That was on Thursday of last week, less than 24 hours from when those words were meant to be with the editor.
Saved, filed and ready to send was a piece that told about my early days as a reporter, how I became a Bruce Springsteen fan and how, along with my wife, I missed the chance to ride The Great Ocean Road on our Harley Davidson in the company of the American rocker.
As significant as that was — well, at least to me — it vanished from the hierarchy of importance after sitting through a webinar on Wednesday afternoon and was reminded again of my responsibilities on Thursday by the Member for Warringah, Zali Steggall.
Beyond that, I also sat through a midweek event organised by Environment Victoria at which it was explained why some messages fail and others succeed.
Facts, it seems, carry little weight and so have almost no impact on changing people's minds, which leaves me sitting here for hours pondering over what to say next.
My unrelenting interest is in the climate crisis; a dilemma that arises from cold, flint-hard facts which are the very thing that most people never absorb or act upon.
They need emotional stories; stories that reach deeper into their lives, touch their hearts and so drive them to change their behaviour.
So, what happened on Wednesday that was both factual and sufficiently emotional to cause me to scrap an already written column and substitute this?
Sitting through a webinar organised by the Melbourne bookshop Readings and The Conversation, a universities organisation that each day publishes articles from academics on every imaginable contemporary topic, I heard some alarming facts that quickly became emotional.

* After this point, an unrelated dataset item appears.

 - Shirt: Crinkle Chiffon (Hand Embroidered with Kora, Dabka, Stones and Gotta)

The webinar was for the launch of selected writings from The Conversation in a book entitled The Conversation: 2020 The Year that Changed Us.

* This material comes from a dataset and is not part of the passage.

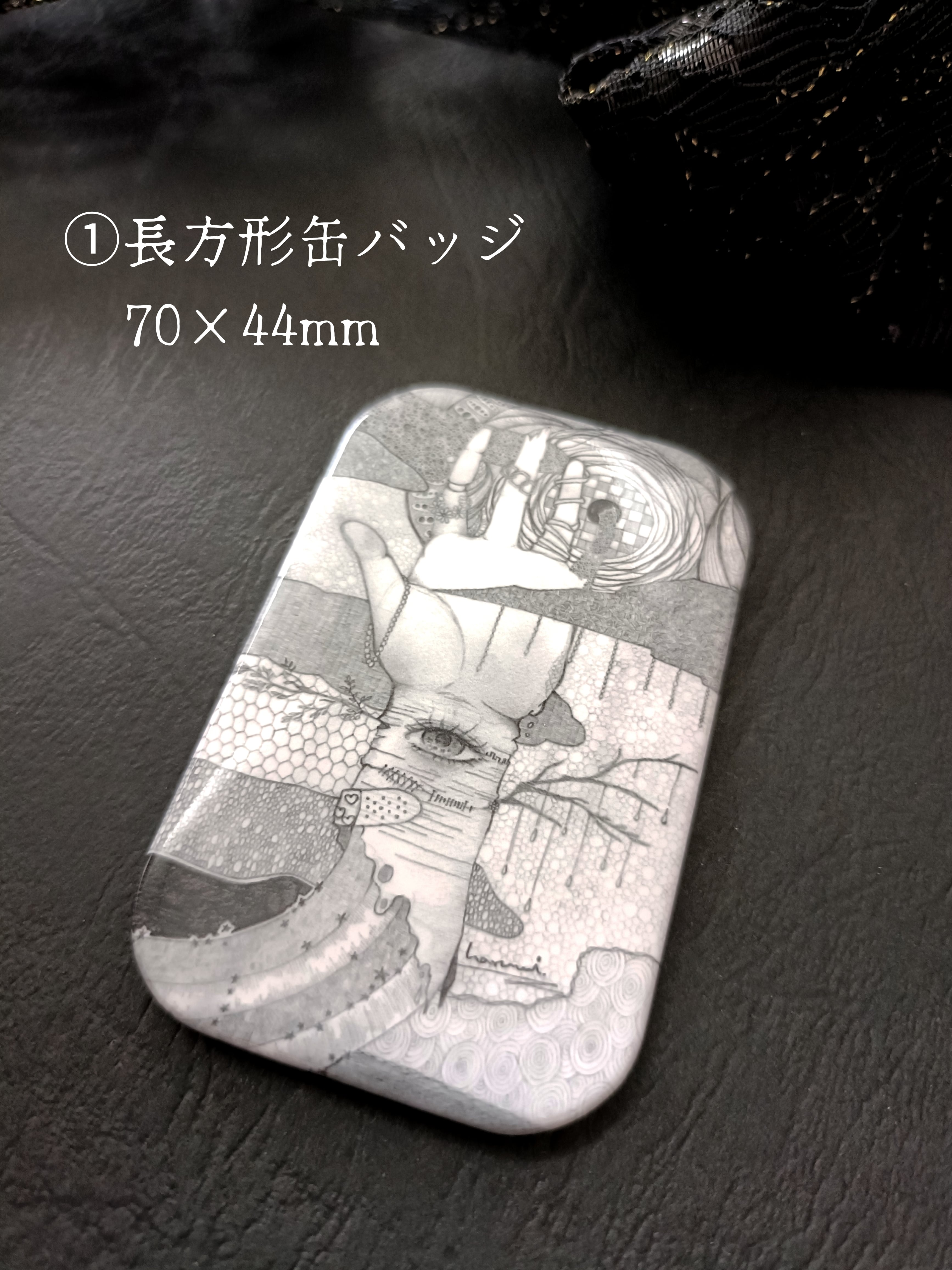 ① 長方形缶バッジ

One of the speakers and contributors to the new book was climate scientist and author Dr Joëlle Gergis, who made it quite clear that regardless of what we do, and even if we achieve the goals set in Paris in 2015, we will still see temperature increases this century of 3.5 degrees Celsius and maybe even four degrees.
That’s the flint-hard fact, and the emotional stuff is that I have a son and a daughter who will have to see out their lives learning to live with those conditions.
On top of that I have two grandsons, only one is yet a teenager, who may find life impossible at 3.5 degrees more.
Zali Steggall, someone with whom I have a rather tenuous relationship as I interviewed her for my podcast when she was only a contender and not the Member for Warringah, has taken a stance on the climate.
Next month she will present a bill to Federal Parliament calling for the recognition of climate change and subsequent adaption and mitigation.
That’s a flint-hard fact; but let’s free our emotions, for just a moment at least, and think about your kids and grandkids and how they will live, thrive and survive in a world endowed with conditions never before experienced by humans.